Dans ce pays où le vote est obligatoire, 6,5 millions de Boliviens, plus 300.000 à l'étranger, étaient appelés à s'exprimer le 21 février 2016. Mais la réforme a été rejetée par 51,33% des suffrages. Un résultat que M. Morales, ayant reconnu avoir «perdu la bataille» s'est engagé à «respecter» car «cela fait partie de la démocratie

Avant le scrutin, l'ancien berger de lamas, issu de l'ethnie aymara, s'était, il est vrai, montré serein face à une éventuelle défaite: «Je suis prêt. Avec un tel bilan (à la tête de la Bolivie), je retournerai heureux et content chez moi. J'adorerais être dirigeant sportif», avait-il confié au quotidien espagnol El País.

Le président bolivien Evo Morales ne pensait pas prendre trop de risques en organisant un référendum pour lui permettre de se représenter - Vidéo Euronews publiée le 21 février 2015.

Peu de temps avant la consultation, les partisans de la révision constitutionnelle étaient à égalité avec les opposants dans les intentions de vote. Mais, après les révélations d'un journaliste de télévision, des accusations de corruption à l'encontre de M. Morales ont largement contribué à avantager le non.

Morales: «Tout ça, c'est un montage de l'ambassade des Etats-Unis»
Le toujours président bolivien est soupçonné d'avoir usé de son influence en faveur de son ex-compagne, Gabriela Zapata (28 ans), dont l'entreprise chinoise a signé des contrats avec le gouvernement pour des centaines de millions de dollars. Plusieurs enquêtes sont en cours.

Evo Morales, champion autoproclamé du socialisme du XXIe siècle, a nié catégoriquement: «Quel trafic d'influence ? Tout ça est un montage de l'ambassade des Etats-Unis !» Il a d'ailleurs menacé d'expulser l'un des diplomates américains qu'il accuse de «conspiration».

Quoi qu'il en soit, son éviction de la prochaine course à la présidentielle aiguise déjà les appétits dans son camp. L'analyste politique Andrés Torres prédit «des batailles internes pour succéder» à Evo Morales. Mais ce sera «très difficile de trouver un successeur qui ait la même capacité de cohésion», prévient-il.

L'ex-candidat Samuel Doria Medina se frotte les mains
Ses succès économiques et son combat en faveur des plus démunis avaient jusqu'à présent entretenu sa popularité. La construction du téléphérique urbain le plus haut et le plus long du monde, premier vrai transport public du pays, la mise en orbite d'un satellite, des résultats tangibles dans la lutte contre la pauvreté et la faim, salués au niveau international, ont transformé la vie quotidienne des Boliviens.

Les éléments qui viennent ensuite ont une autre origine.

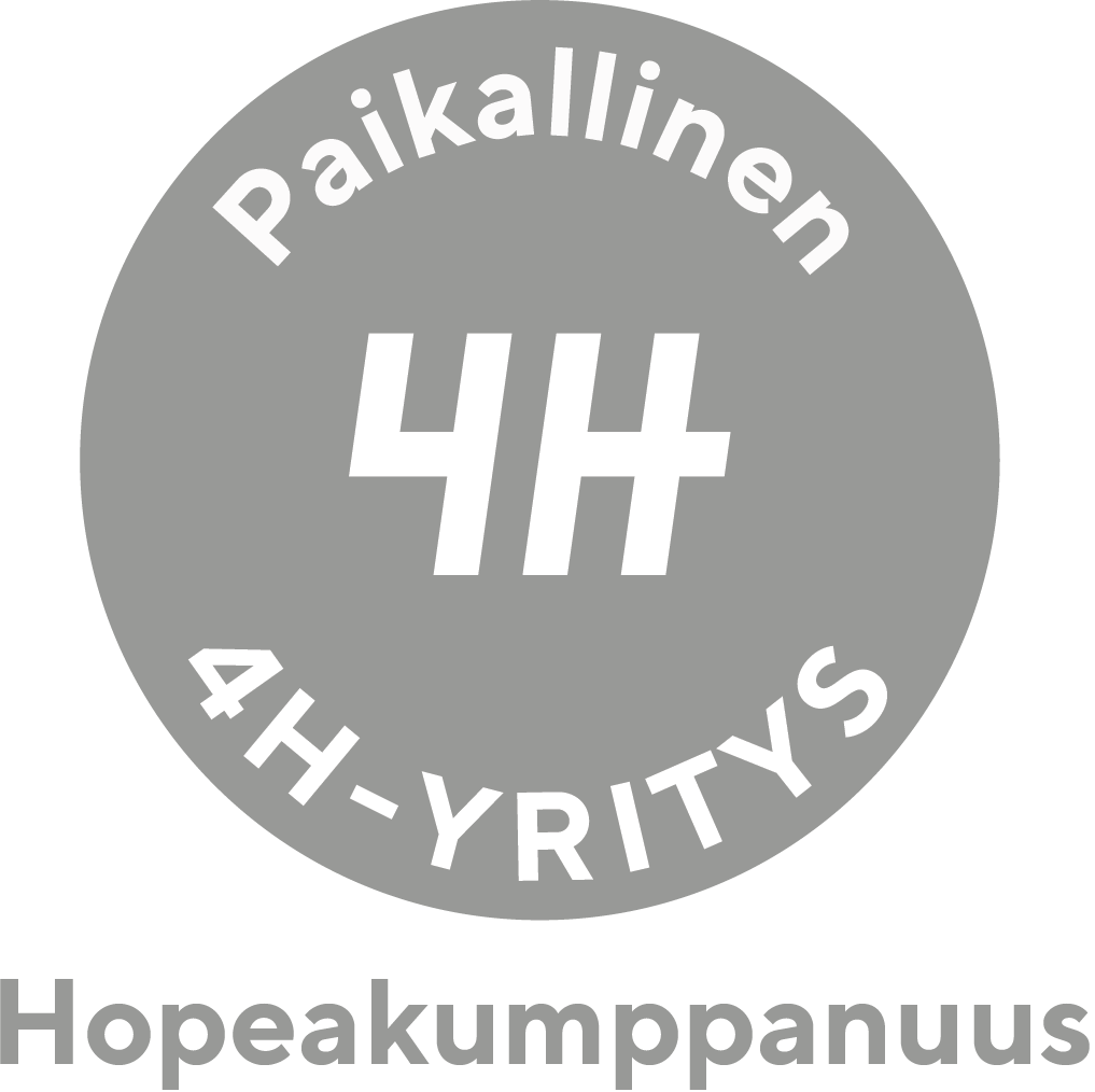 Paikallinen hopeakumppanuus | minimi 850 € | Hopeakumppani saa 4H-yrittäjyyttä tukemassa -julkaisun 4H-yhdistyksen sosiaalisen median kanavissa. Hopeakumppanilla on mahdollisuus saada logonsa ja nimensä esille yhdistyksen verkkosivuille. Hopeakumppanille tarjotaan mahdollisuutta osallistua kumppanina yhteen 4H-yhdistyksen järjestämään tapahtumaan. |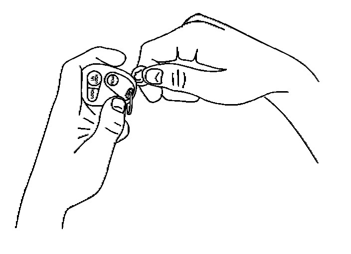 2. Insert a small coin between the 2 halves of the transmitter case at the slot provided near the key ring hole.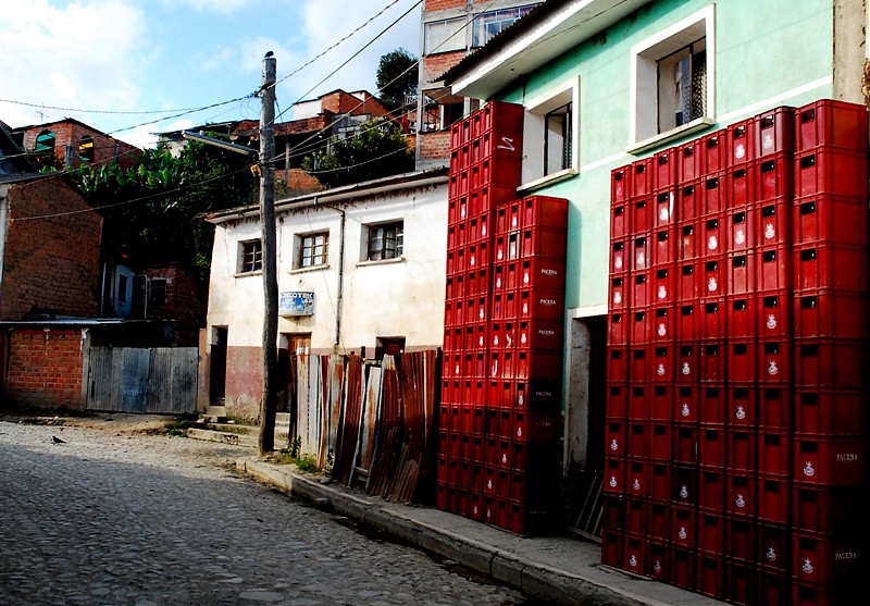 W pierwszej lokalnej kafejce zamawiamy herbatę. Jest ponuro jak we wszystkich tego typu miejscach i czuje zapach słodkiej, gotowanej marchwi. Zbliża się pora obiadu która tłumaczy ten zapach. Czekam aż zaparzą się liście koki i przyglądam się sąsiadowi który siedzi obok przy nakrytym niezbyt czystym obrusem w kratkę stoliku. Pociąga nosem i pociera ręką czerwoną od zimna twarz. Uśmiecham się do niego a on choć odwzajemnia uśmiech natychmiast odwraca wzrok. Miesza łyżeczką swoją kawę, oblizuje ją po czym pakuje do cukiernicy i wsypuje do kawy 3 czubate łyżki cukru.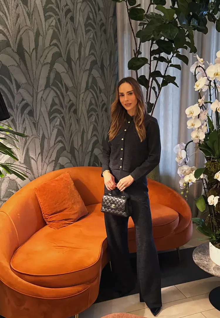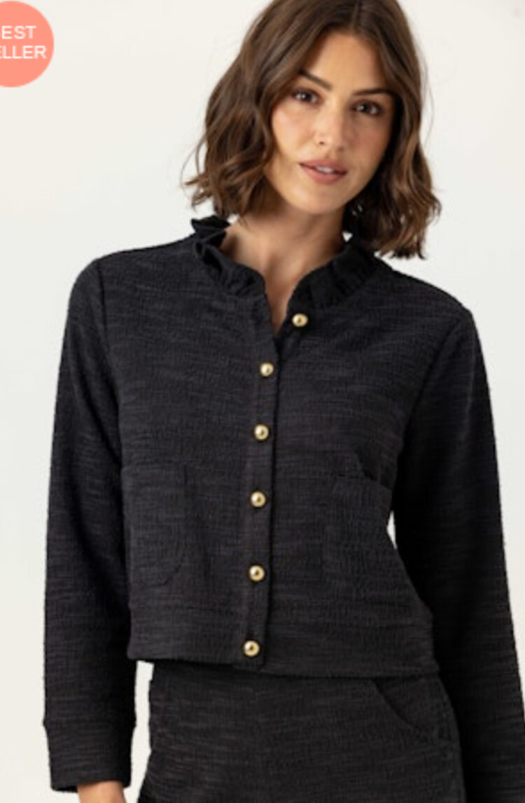 Classic cardigan with patch pockets, a ruffle collar, and elevated gold buttons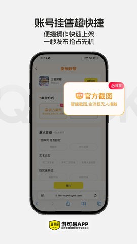 游可易此款交易平台中能够有多种功能像是账号估计、买卖账号、捡漏专区等等相关功能在此都是可满足到喜欢玩游戏的你需求,可让你低手续费去寻找到专业团队为你解决一切交易措施改变,让你与专业客服联系从容了解到不同情况之后再决定是否进入交易过程,让你整体交易起来安全系数得以保障是喜欢玩游戏的你值得信赖的平台。

Après le désaveu infligé par les électeurs au président Morales, ses opposants ont organisé des fêtes populaires dans plusieurs villes, comme Santa Cruz (est) et Trinidad (nord-est). Samuel Doria Medina, ex-candidat à l'élection présidentielle, vaincu à deux reprises par M. Morales, se frotte les mains. Pour le chef du Front d'unité nationale (parti de centre gauche), la prochaine tentative sera peut-être la bonne. Il a trois ans pour s'y préparer.